The Board of Directors of the Company has appointed Mr. Evangelos Chatzis to the position of Chief Financial Officer, effective July 22, 2011.

Conference Call and Webcast
On Tuesday, July 26, 2011 at 9:00 A.M. EDT, the Company's management will host a conference call to discuss the results.

Participants should dial into the call 10 minutes before the scheduled time using the following numbers: 1 866 819 7111 (US Toll Free Dial In), 0800 953 0329 (UK Toll Free Dial In) or +44 (0)1452 542 301 (Standard International Dial In). Please quote "Danaos" to the operator.

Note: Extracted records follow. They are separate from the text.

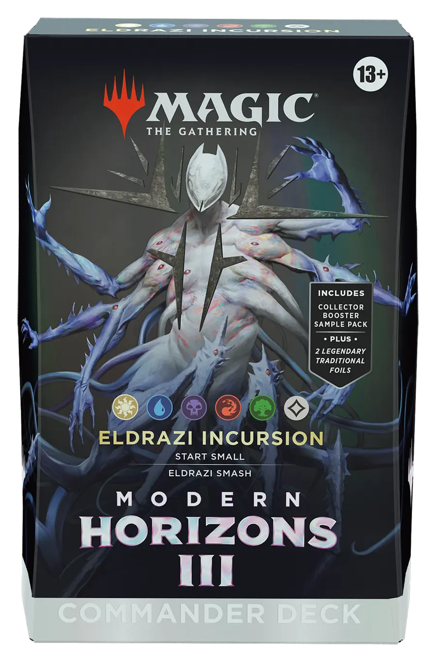 In Commander, four players come together to show their strength and strategy, with one player coming out on top. Each 100-card ready-to-play Modern Horizons 3 Commander Deck makes it easy for Commander fans in your store to grab a deck and play right away.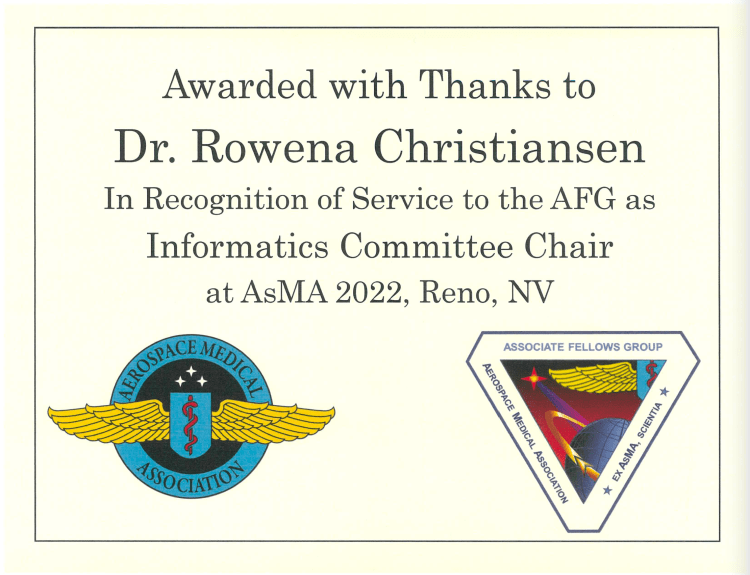 Recent appointments to the Aerospace Medical Association (AsMA) Ad Hoc Committee on Commercial Spaceflight and the AsMA Education and Training Committee.
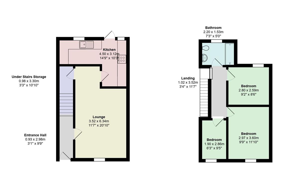Entrance hall w: 0.93m x l: 2.98m x h: 2.54m (w: 3' 1" x l: 9' 9" x h: 8' 4")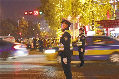 2月15日,市公安局交通管理支队源汇大队加大主要路口、路段、景点的巡逻管控力度,全力保障元宵节期间道路交通安全、有序、畅通。王焕丽 摄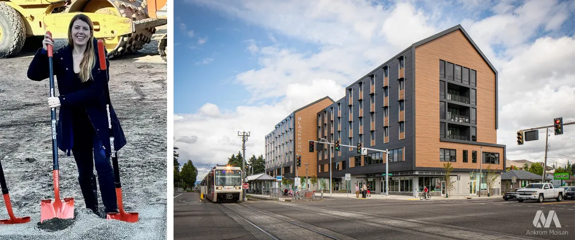 The first is the Blackburn Center for Central City Concern (pictured above), which I worked on with Ankrom Moisan Architects, the first firm I worked for in the U.S. The project is a one-stop shop for people who are struggling with addiction and/or houselessness. The project includes a clinic, addiction and mental health counseling, and transitional housing to assist people in their return to independent and healthy living. The project is certified Earth Advantage Platinum and won an Earth Advantage green builder award as well as an AIA/AAH Healthcare Design Award.

A telephonic replay of the conference call will be available until August 2, 2011 by dialing 1 866 247 4222 (US Toll Free Dial In), 0800 953 1533 (UK Toll Free Dial In) or +44 (0)1452 550 000 (Standard International Dial In). Access Code: 1186615#

There will also be a live and then archived webcast of the conference call through the Danaos website (www.danaos.com). Participants to the live webcast should register on the website approximately 10 minutes prior to the start of the webcast.

About Danaos Corporation
Danaos Corporation is an international owner of containerships, chartering its vessels to many of the world's largest liner companies. Our current fleet of 56 containerships aggregating 265,559 TEUs ranks Danaos among the largest containership charter owners in the world based on total TEU capacity. Danaos is one of the largest US listed containership companies based on fleet size. Furthermore, the company has a contracted fleet of 9 additional containerships aggregating 99,620 TEU with scheduled deliveries up to the second quarter of 2012. The company's shares trade on the New York Stock Exchange under the symbol "DAC".

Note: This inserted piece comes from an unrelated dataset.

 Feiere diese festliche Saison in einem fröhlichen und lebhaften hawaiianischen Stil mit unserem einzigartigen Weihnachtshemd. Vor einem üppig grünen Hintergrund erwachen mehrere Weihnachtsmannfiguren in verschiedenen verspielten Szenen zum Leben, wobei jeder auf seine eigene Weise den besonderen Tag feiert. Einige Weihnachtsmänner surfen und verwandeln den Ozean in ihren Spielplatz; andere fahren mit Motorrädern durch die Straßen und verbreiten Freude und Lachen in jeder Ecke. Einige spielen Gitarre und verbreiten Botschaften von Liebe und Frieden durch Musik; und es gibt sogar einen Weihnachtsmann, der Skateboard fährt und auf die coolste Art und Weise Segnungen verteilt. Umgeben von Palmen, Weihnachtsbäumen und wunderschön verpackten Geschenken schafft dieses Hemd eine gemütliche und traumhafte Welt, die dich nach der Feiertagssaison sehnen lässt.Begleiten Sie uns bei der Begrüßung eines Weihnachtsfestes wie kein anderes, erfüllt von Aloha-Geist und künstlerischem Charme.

Forward-Looking Statements
Matters discussed in this release may constitute forward-looking statements within the meaning of the safe harbor provisions of Section 27A of the Securities Act of 1933 and Section 21E of the Securities Exchange Act of 1934. Forward-looking statements reflect our current views with respect to future events and financial performance and may include statements concerning plans, objectives, goals, strategies, future events or performance, and underlying assumptions and other statements, which are other than statements of historical facts. The forward-looking statements in this release are based upon various assumptions, many of which are based, in turn, upon further assumptions, including without limitation, management's examination of historical operating trends, data contained in our records and other data available from third parties. Although Danaos Corporation believes that these assumptions were reasonable when made, because these assumptions are inherently subject to significant uncertainties and contingencies which are difficult or impossible to predict and are beyond our control, Danaos Corporation cannot assure you that it will achieve or accomplish these expectations, beliefs or projections. Important factors that, in our view, could cause actual results to differ materially from those discussed in the forward-looking statements include the strength of world economies and currencies, general market conditions, including changes in charter hire rates and vessel values, charter counterparty performance, shipyard performance, changes in demand that may affect attitudes of time charterers to scheduled and unscheduled drydocking, changes in Danaos Corporation's operating expenses, including bunker prices, dry-docking and insurance costs, ability to obtain financing and comply with covenants in our financing arrangements, actions taken by regulatory authorities, potential liability from pending or future litigation, domestic and international political conditions, potential disruption of shipping routes due to accidents and political events or acts by terrorists.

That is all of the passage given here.